British Columbia

B.C. guitar maker uses local wood to build custom guitars

Victoria's Vigilant Guitars specializes in building custom-made guitars using ethically-sourced, and sometimes locally-sourced, materials.

Vigilant Guitars founder Trevor Woodland also co-organizes the Victoria Guitar Show taking place Saturday

Vigilant Guitars founder Trevor Woodland holds one of his custom-made guitars. (Rohit Joseph/CBC)

Trevor Woodland had a practical reason for taking up the bass guitar as a middle school student on Vancouver Island. 

"Basically, they needed someone to play bass guitar, and I was the only one big enough to reach the first few frets, because it's a large instrument," he said. 

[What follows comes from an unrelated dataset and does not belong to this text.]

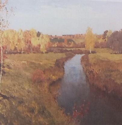 залатая осен я вижу красивый пейзаш русского леса На передней плане картины я вижу осенниь лес, длинную извилистую речку. вода в речке чистоя, вней отражается голубое небо. воздух в лесу чистый приятный.

Inevitably, something on the bass would break. 

Growing up in the small hamlet of Black Creek, B.C., he didn't want to have his mom drive him to the nearby towns of Courtenay and Campbell River to get it fixed, so he took matters into his own hands.

"You generally make it worse the first attempt," he said of his early efforts at repair. "But you fix that problem and you try it again. You fix the subsequent problems that kind of come up and you basically get really intimate with your instrument and you start figuring it out."

Years of tinkering have led Woodland to open Victoria's Vigilant Guitars, which specializes in building custom-made guitars using ethically-sourced materials. Where possible, he tries to use local materials. 

"We've got a lot of those woods that aren't traditionally used in guitars but can be heavily featured, so just even using some of the surrounding environment in that sense can just set you apart," he said. 

Trevor Woodland says he aims to use locally sourced materials to build his guitars. (Rohit Joseph/CBC)

Woodland is also a co-organizer of the Victoria Guitar Show, a free event taking place Saturday at the Victoria Conference Centre from 10 a.m. to 5 p.m. PT.

He says he looks forward to meeting up with fellow luthiers to talk shop, a welcome respite from what can be a solitary vocation.

"I'm sitting in this room some days and you don't really look outside too much because you got your head down on the bench," he said.

Trevor Woodland says he hopes his guitars would be handed down from one generation to the next. (Rohit Joseph/CBC)

Woodland says he considers himself a craftsman focused on the science and engineering of guitar-making, but he can't help but occasionally wax poetic about the instrument's enduring appeal. 

"Sometimes it's an artifact of all the stories that have been played through it, every song, every bar that it's been played in, every stage that it's been strummed on," he said. "It has those stories imbued with it and that sometimes just makes for a much cooler instrument."

Woodland says his guitars are built to last and he hopes they'll be handed down from one generation to the next. 

"It's pretty neat to think that some of the guitars I'm making right now, or maybe in the next couple of years, they'll have a good life but they might become an integral part of someone's life that I'll never meet because they're 100 years in the future."